Transcribe the following entries letter for letter, without the pictures.

——————————

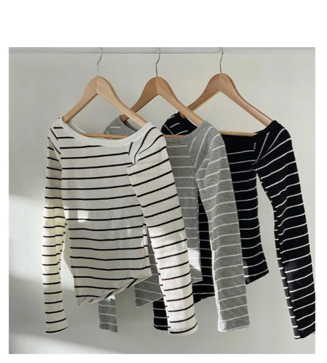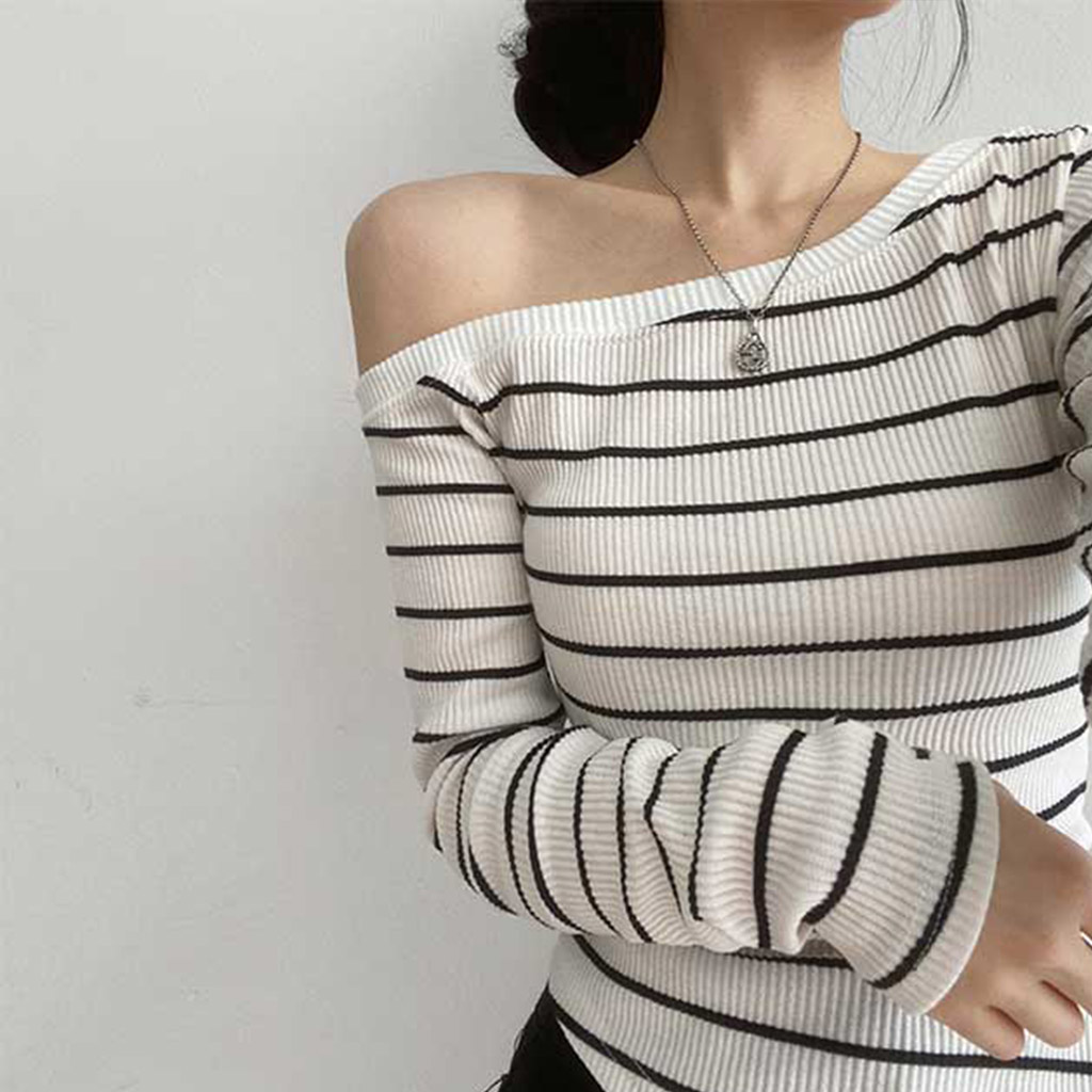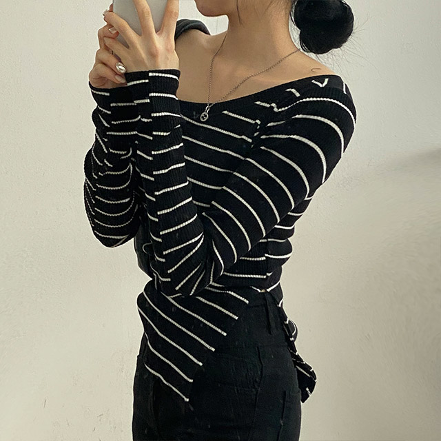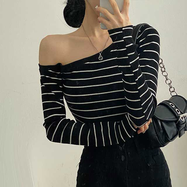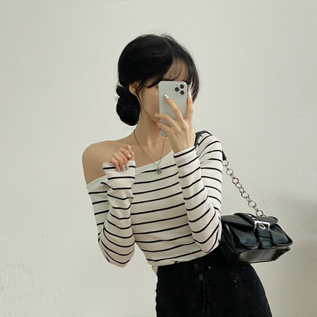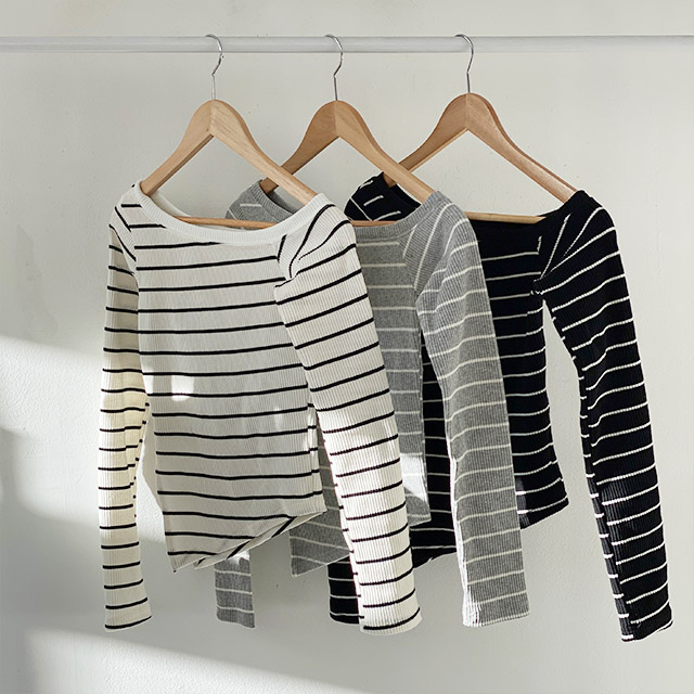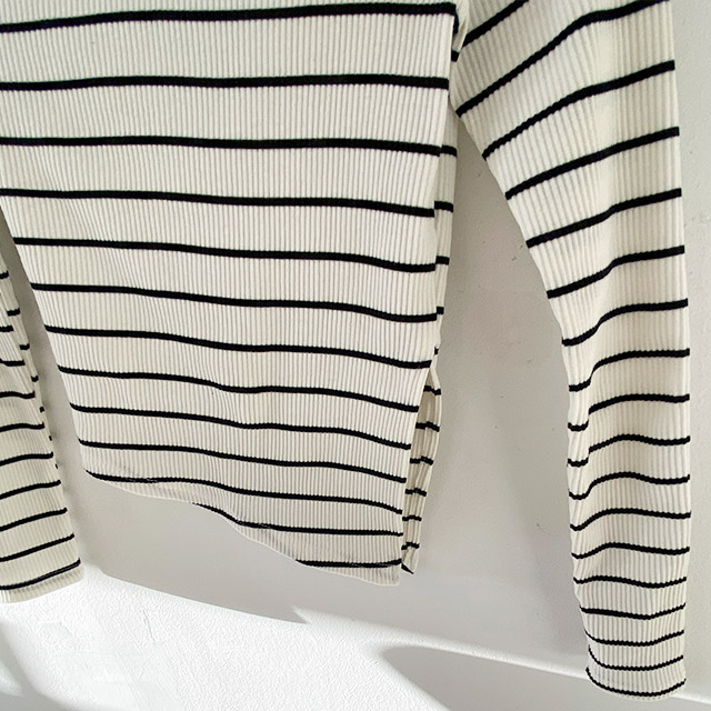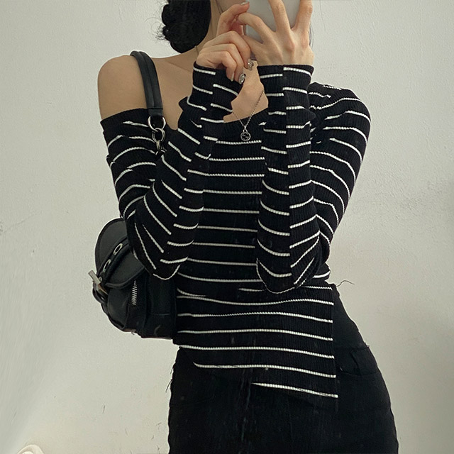 アシンメトリーオフショルスリットボーダーリブTシャツ
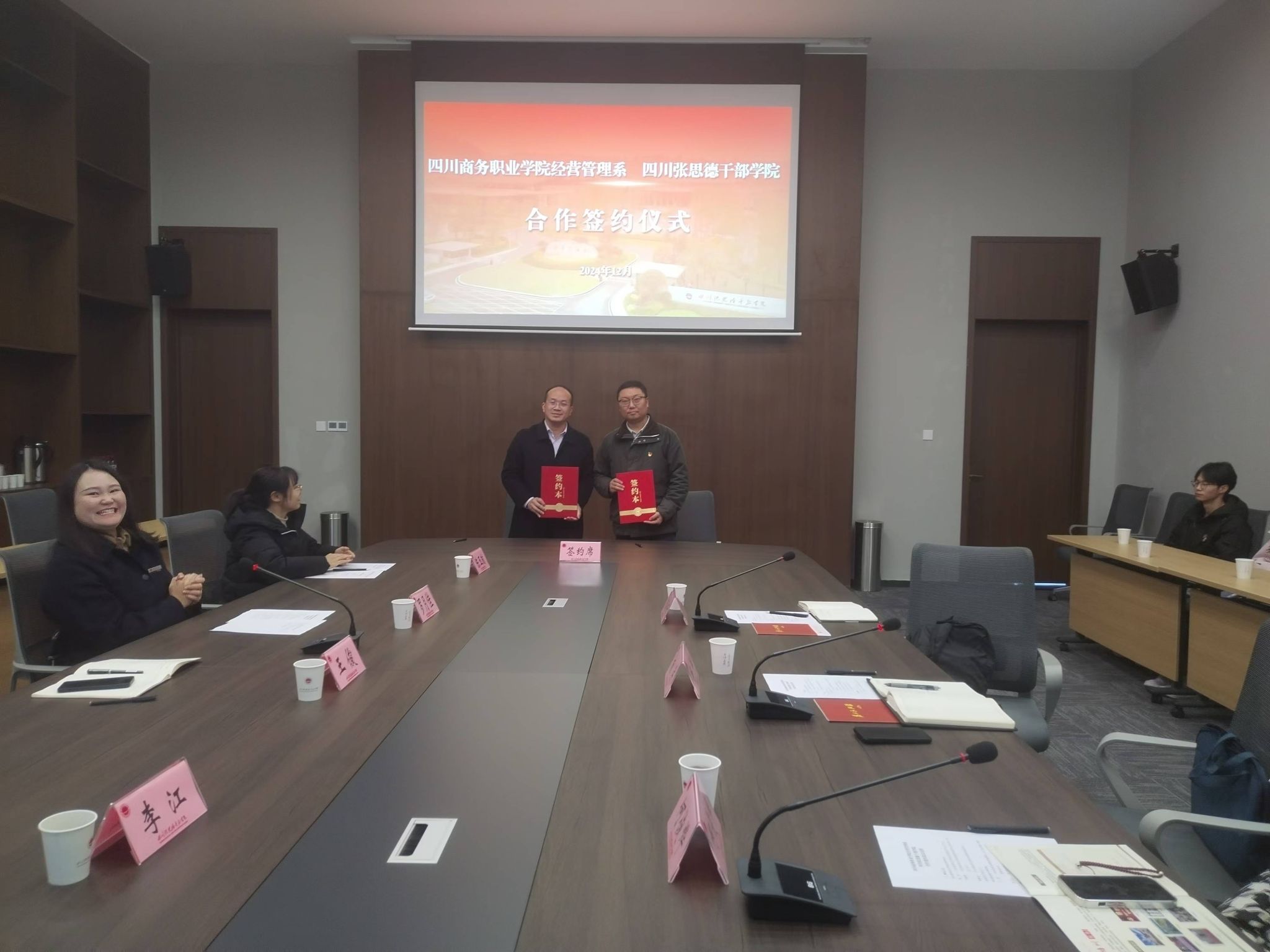 124日,四川张思干部培训学院与经营管理系合作协议签约仪式在四川张思德干部培训学院307会议室举行仪式。中共仪陇县委组织部副部长、四川张思德干部培训学院院务委员王俊、经营管理系党总支书记杨洪出席仪式,并代表双方签约,双方师生代表20余人参加了签约仪式。
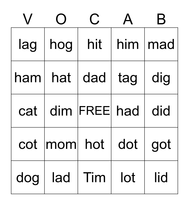 This bingo card has a free space and 24 words: mom, lad, dad, dog, mad, lag, ham, hog, had, hot, tag, cat, dot, got, hat, lot, did, hit, dig, dim, lid, cot, him and Tim.
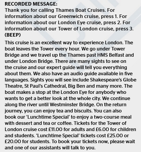X. Somebody is calling a travel agency and is listening to a recorded message about a cruise on the River Thames in London. Answer the question.
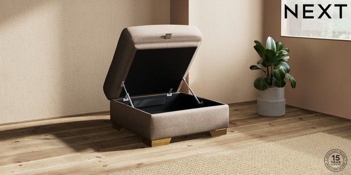 7.2.10 Houghton Deep Sit Storage Footstool Plush Chenille Mid Natural Square Angle - Brushed Brass | Made Click here to use our website with more accessibility support, for example screen readers

——————————

(WRITTEN ANSWER):
 アシンメトリーオフショルスリットボーダーリブTシャツ
 124日,四川张思干部培训学院与经营管理系合作协议签约仪式在四川张思德干部培训学院307会议室举行仪式。中共仪陇县委组织部副部长、四川张思德干部培训学院院务委员王俊、经营管理系党总支书记杨洪出席仪式,并代表双方签约,双方师生代表20余人参加了签约仪式。
 This bingo card has a free space and 24 words: mom, lad, dad, dog, mad, lag, ham, hog, had, hot, tag, cat, dot, got, hat, lot, did, hit, dig, dim, lid, cot, him and Tim.
X. Somebody is calling a travel agency and is listening to a recorded message about a cruise on the River Thames in London. Answer the question.
 7.2.10 Houghton Deep Sit Storage Footstool Plush Chenille Mid Natural Square Angle - Brushed Brass | Made Click here to use our website with more accessibility support, for example screen readers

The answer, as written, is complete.